Exercise prompt
All of the data below should be set down again verbatim, without any images.

Available data
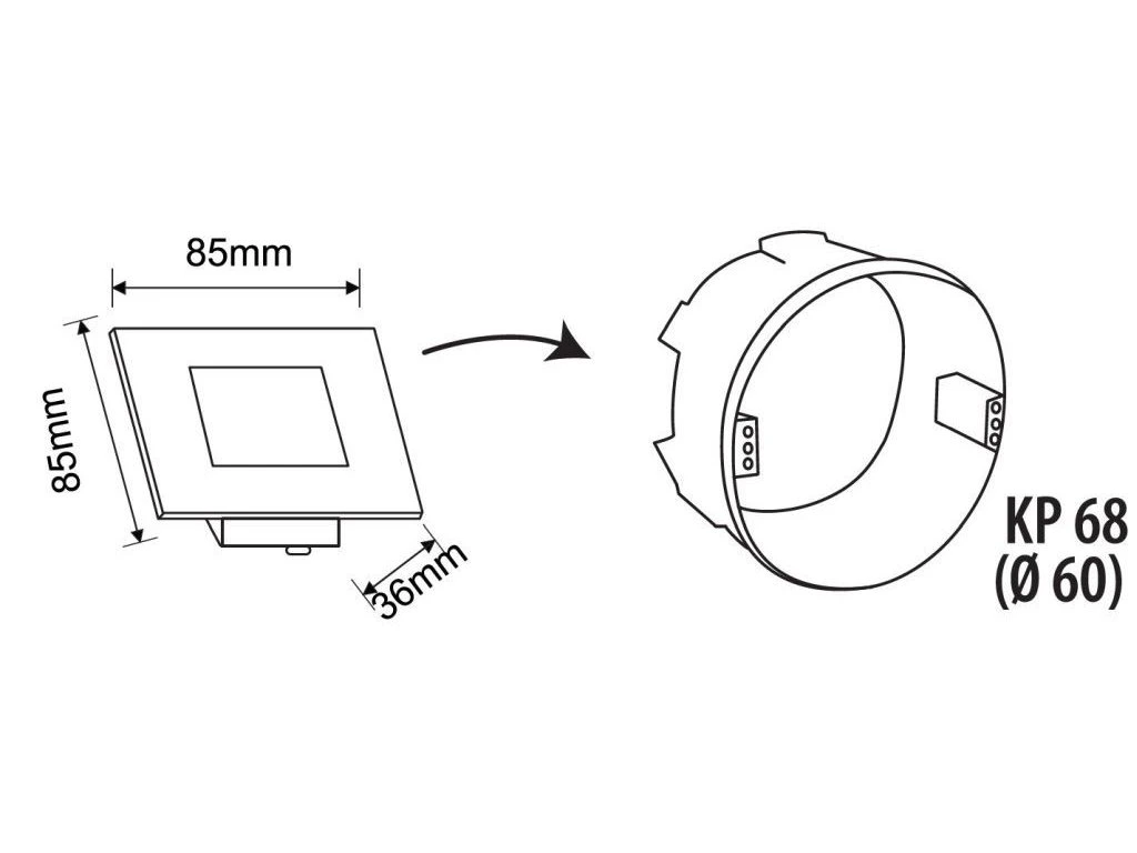 ☛ Inštalačná hĺbka: Celková hrúbka svietidla je 36 mm. Uistite sa, že v krabici KP 68 máte dostatok miesta aj na prívodnú kabeláž. Pri plánovaní elektroinštalácie v novostavbe si prečítajte náš odborný článok o kompletnej elektroinštalácii (v novom okne).
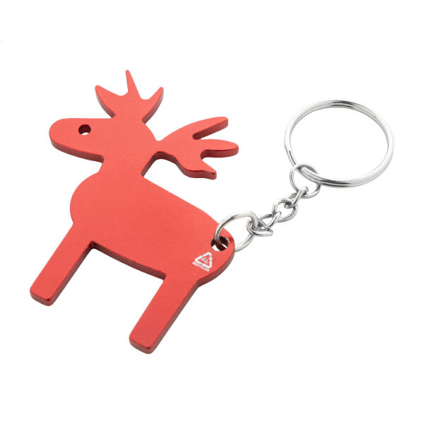 Aluminium sleutelhanger met metalen ring, in de vorm van een rendier.
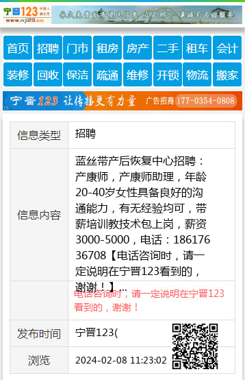 蓝丝带产后恢复中心招聘:产康师,产康师助理,年龄20-40岁女性具备良好的沟通能力,有无经验均可,带薪培训教技术包上岗,薪资3000-5000,电话:18617636708 【电话咨询时,请一定说明在宁晋123看到的,谢谢!】 |
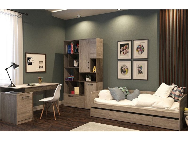 Цена за комплект: Кровать с ящиками, Стол письменный, Д-10 Пенал открытый, Д-11 Стеллаж
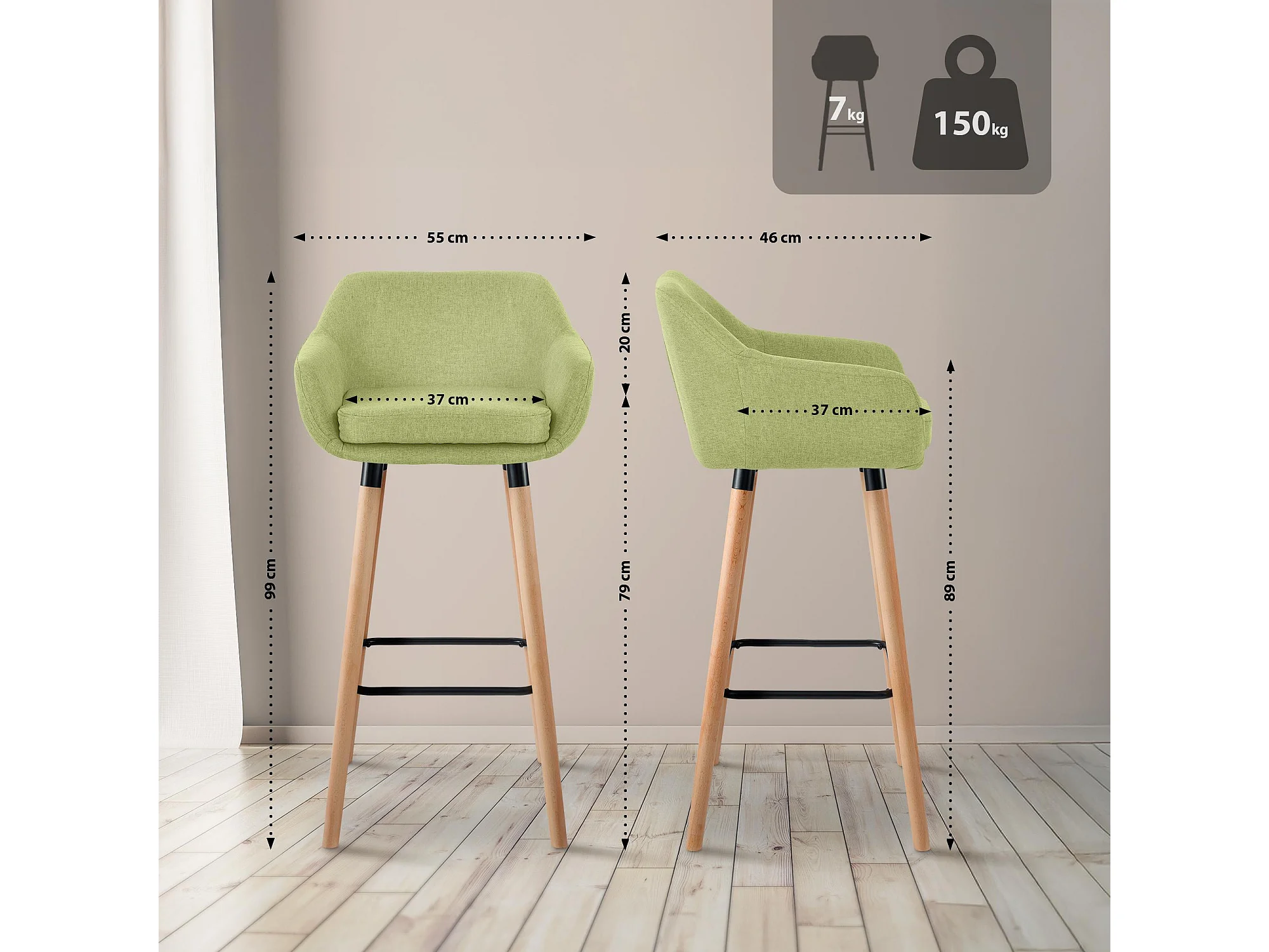 Lot de 2 Tabouret de bar - Tissu & Bois - Vert - Metz

Response below
 ☛ Inštalačná hĺbka: Celková hrúbka svietidla je 36 mm. Uistite sa, že v krabici KP 68 máte dostatok miesta aj na prívodnú kabeláž. Pri plánovaní elektroinštalácie v novostavbe si prečítajte náš odborný článok o kompletnej elektroinštalácii (v novom okne).
 Aluminium sleutelhanger met metalen ring, in de vorm van een rendier.
 蓝丝带产后恢复中心招聘:产康师,产康师助理,年龄20-40岁女性具备良好的沟通能力,有无经验均可,带薪培训教技术包上岗,薪资3000-5000,电话:18617636708 【电话咨询时,请一定说明在宁晋123看到的,谢谢!】 |
 Цена за комплект: Кровать с ящиками, Стол письменный, Д-10 Пенал открытый, Д-11 Стеллаж
 Lot de 2 Tabouret de bar - Tissu & Bois - Vert - Metz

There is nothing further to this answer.